Северная Пальмира усыхала под присмотром палящего солнца. Родители были все еще в деревне. У меня в квартире мы расстелили газеты, вывалили на них почти уже засохшую коноплю. Комнаты наполнились характерным резким запахом. Я долго ходил вокруг телефона, потом, набравшись смелости, позвонил Маше.
Август кончался. Август – пик горы под названием лето. Забираешься на нее дольше, чем скатываешься. Хочется сомкнуть створки глаз и остаться в вечности зеленого леса, ягодно-грибного сезона, продлить экстаз северного человека, которого закутала заботливыми руками теплая погода.
Встретились в Трубе. Маша была растеряна, поехали куда-то на Гражданку забирать ее вещи. Из конторы. Что за контора, я понял потом. Догадка возникла с неожиданностью утреннего прыща, вскочившего посреди лба. Предъявлять претензии было бесполезно. Претензии не башмаки – за порог не выставишь. Астраханский август перетек в август питерский, трансформировав кончики ожиданий, которые топорщились из меня, как антенны космического спутника.
– Ты же обещала.
Маша приехала на очередную встречу, одетая в старый мамин пиджак, сапоги и длинную юбку. Стала хватать меня за руки, тужиться при произнесении фраз, выдавливая их из себя, как последний мазок зубной пасты из тощего тюбика. Тряслась и ознобилась. Мы взошли на движущуюся, ступенчатую дорожку эскалатора, она прижалась ко мне и еле-еле прошептала:
– Я тебя люблю.
Такое впечатление, что она не ела полторы недели, а эти слова были хлебными корками, попавшими ей в рот.

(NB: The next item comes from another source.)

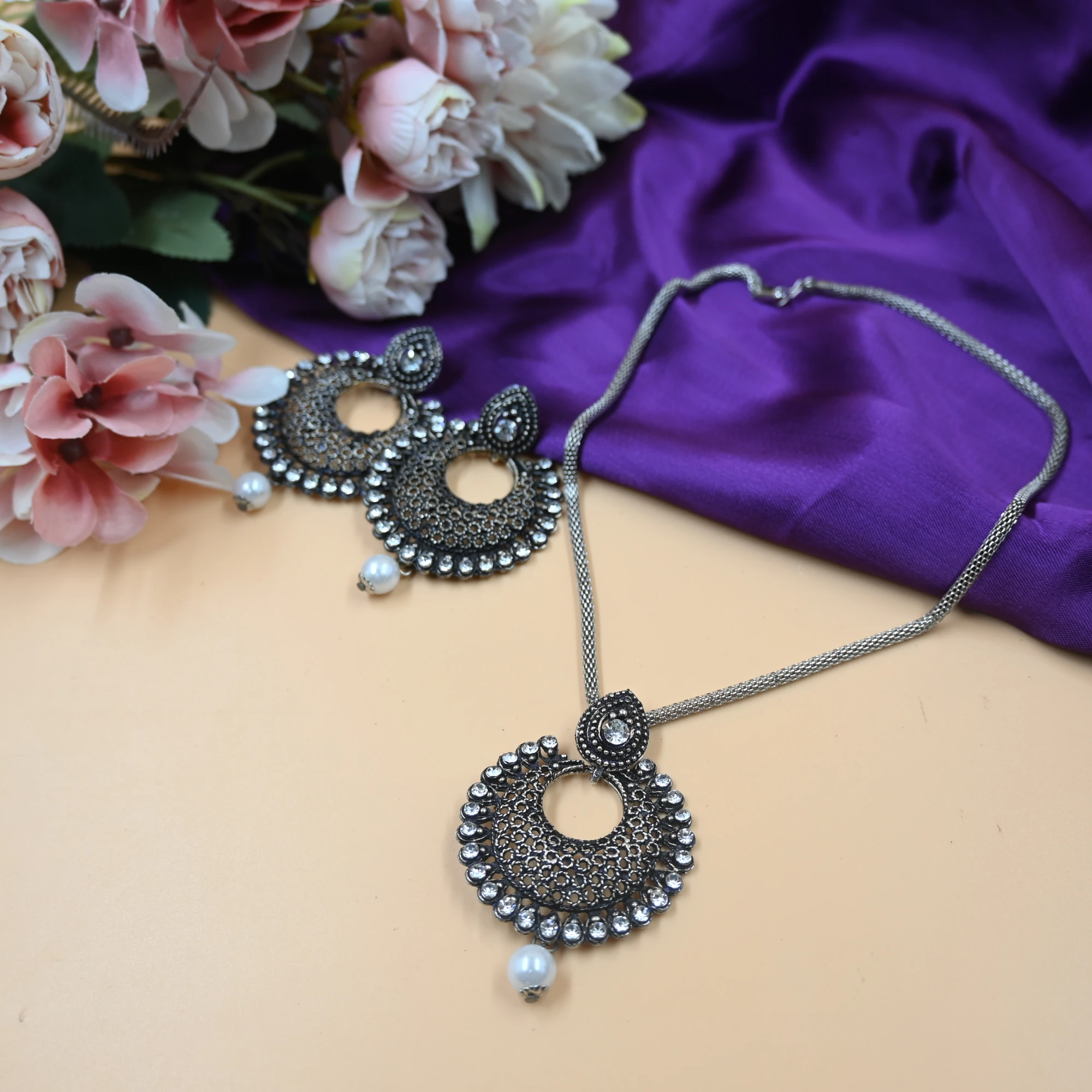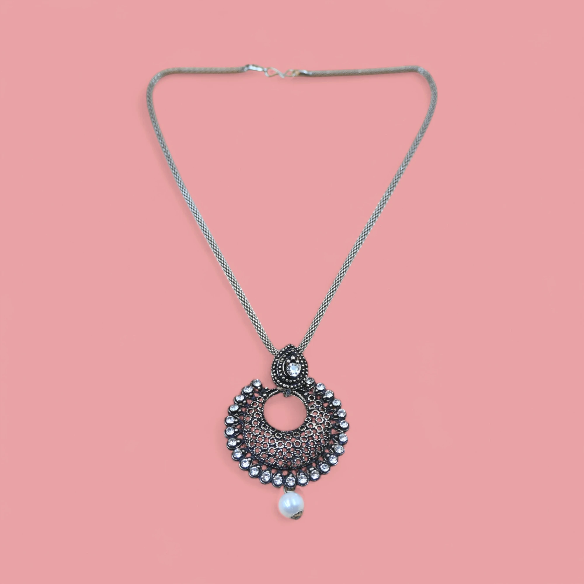 Celebrate the festive beauty of Navratri with this exquisite oxidised choker necklace set, designed to add elegance and charm to your ethnic wardrobe. The necklace features an intricate circular pendant embellished with detailed carvings and surrounded by shimmering stone accents, giving it a regal and festive appeal. A delicate pearl drop adds a graceful finishing touch, enhancing its traditional charm. The matching earrings mirror the necklace design, making this set a complete statement piece. Perfect for pairing with chaniya cholis, sarees, and festive lehengas, this jewelry set ensures you shine brightly during Navratri celebrations. Its lightweight construction makes it easy to wear for long hours while dancing through Garba and Dandiya nights. This set beautifully combines heritage design with contemporary elegance, making it a must-have accessory for the festive season.

Наверное, я ослышался.
– Я тебя люблю.
Не ослышался.
В кармане мелькнула бумажная пачка, явно приобретенная в аптеке. Я не обратил внимания. Потому что все внимание было поглощено ее губами. Сзади ехал барабанщик, который подыгрывал нам с Мишей во время концертов в Трубе, наркоман и каратист. Он жил с ней на одной улице. На время я забыл о его существовании.
Всю дорогу Маша сбивчиво пыталась объяснить мне, что у нас с ней ничего не получится. Уже в пригородной электричке меня заинтересовала бумага, нагло торчащая в прорези ее пиджака. Я потянул за краешек и вытащил пустую упаковку феназепама.
– Это что?
– Таблетки.
– Ты их ела?
– Да.
– Зачем?
– Чтобы покончить с собой.
Сначала она стояла у обочины и выбирала транспортное средство, под которым ей удалось бы осуществить заветное желание Шопенгаура – сдохнуть сразу после рождения. Только у Маши период между «рождением» и «сдохнуть» затянулся, и она решила покончить с этим. По простой причине – невозможно трахаться за деньги, имея в душе брешь, из которой сочится ненужное в данный момент жизни чувство. Вполне логичный вывод для шестнадцатилетней особи женского пола с таким багажом впечатлений за плечами. Некоторые в ее годы боятся произносить слово мастурбация, а что такое изнасилование знают только по фильмам, где зачастую happy end выравнивает баланс зрительских эмоций. Решив, что, бросившись под машину, она подставит водителя, Маша наглоталась таблов.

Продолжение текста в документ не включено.